Something merry from Christmas day
Christmas is the time of year when family and close friends come together to enjoy the abundance of food, alcohol, and presents from dear old Mr. Claus. I am usually prepared for the Christmas season. I send out personalized Christmas cards to friends and family (near and far) early in December, make sentimental gifts for my family and friends, and bake a fair share of Christmas cookies and cakes for the school gala.
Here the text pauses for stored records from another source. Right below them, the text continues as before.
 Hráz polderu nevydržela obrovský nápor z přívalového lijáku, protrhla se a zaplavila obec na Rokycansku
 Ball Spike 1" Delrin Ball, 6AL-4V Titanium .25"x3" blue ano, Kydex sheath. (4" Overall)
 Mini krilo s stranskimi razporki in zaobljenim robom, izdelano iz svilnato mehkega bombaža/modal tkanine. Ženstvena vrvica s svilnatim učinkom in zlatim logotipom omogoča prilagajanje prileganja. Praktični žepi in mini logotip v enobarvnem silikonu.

But this year, I did none of that. Nope. I did not send out a single card, get any presents for anyone nor did I bake a single cookie. Maybe I was secretly hoping that the 21st would be the end of the world so that would justify my lack of effort in being in the festive mood. I have a little sister, and she was excited about the presents that she was going to get under the tree.
Don’t worry, out of my guilty conscious, I went and bought her some Trashpacks that she wanted.
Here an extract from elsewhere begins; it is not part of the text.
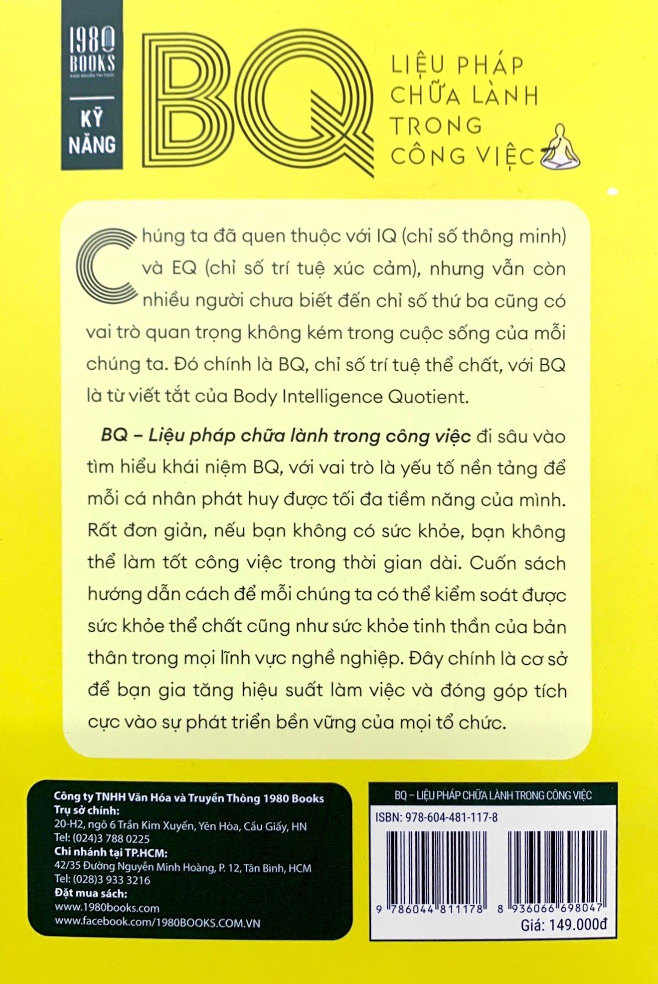 Cuốn sách BQ – Liệu pháp chữa lành trong công việc đi sâu vào tìm hiểu khái niệm BQ, với vai trò là yếu tố nền tảng để mỗi cá nhân phát huy được tối đa tiềm năng của m.ình. Rất đơn giản, nếu bạn không có sức khỏe, bạn không thể làm tốt công việc trong thời gian dài. Cuốn sách hướng dẫn cách để mỗi chúng ta có thể kiểm soát được sức khỏe thể chất cũng như sức khỏe tinh thần của bản thân trong mọi lĩnh vực nghề nghiệp. Đây chính là cơ sở để bạn gia tăng hiệu suất làm việc và đóng góp tích cực vào sự phát triển bền vững của mọi tổ chức.

I reflected on my lack of festive mood this year. Maybe all the hype around the end of the world got to me, or I felt Christmas wasn’t worth celebrating because of the Sandy Hook shooting. Now that I think about it, it frustrates me that I wasn’t feeling festive.
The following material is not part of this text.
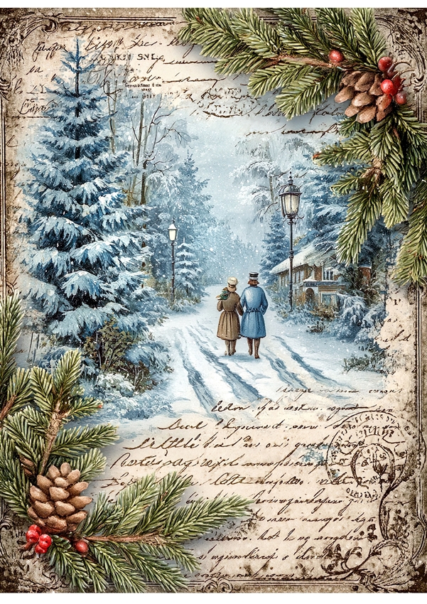 Papier ryżowy A4 do decoupage Artando -widok, pejzaż zimowy, domy, zima

I went along to a family friends house for Christmas lunch, played treasure hunt with the kids, and had secret Santa present swap but I still felt ugh. I wasn’t really in the mood to make small talk, or settle into the never-ending flow of alcohol available…
Maybe it was the gloomy weather that played havoc, or the crazy woman hormones because I didn’t even feel an inch of excitement for the Boxing Day sales.
To be honest, I’ve probably felt like this since the middle of the year. What I used to love doing, I don’t do anymore. I’d keep my exhibition of emotions to a minimum, and choose sleep over being social. I just don’t feel motivated to do anything at all!!
I read an article by the thoughtcatalog.com – You Need To Go After The Things You Want:
And it is so blunt and true!
The new year is only a few days away, and I think it’s about time to start doing and being instead of just waiting around and hoping. I have been trying to be cool, calm, and collected this whole time, but really it was tiring me out even more! Its time I re-embraced my personality and quirks, and be normal in my own way.
Had my last exam this afternoon.. It was a painful 2 hours in a classroom of silence. Gah! And what was more painful was the fact that it was a gorgeous afternoon outside! >.<
But anyway, it is all done and dusted. Two years of uni down, one more to go!
The lessons I’ve learnt so far are:
- Avoid procrastinating (you can clean your room twice, make a meal plan for the week, go for a jog, clean the car, and clean the toilet, but at the end of the day the blank page will still be waiting, along with the impending deadline)
- Never leave assignments to the last minute (you can definitely write a better essay if you didn’t start it the night before it’s due!)
- Nothing beats a celebratory drink after handing in an assignment, or finishing an exam (gorgeous day and a Rekorderlig cider in hand = sigh)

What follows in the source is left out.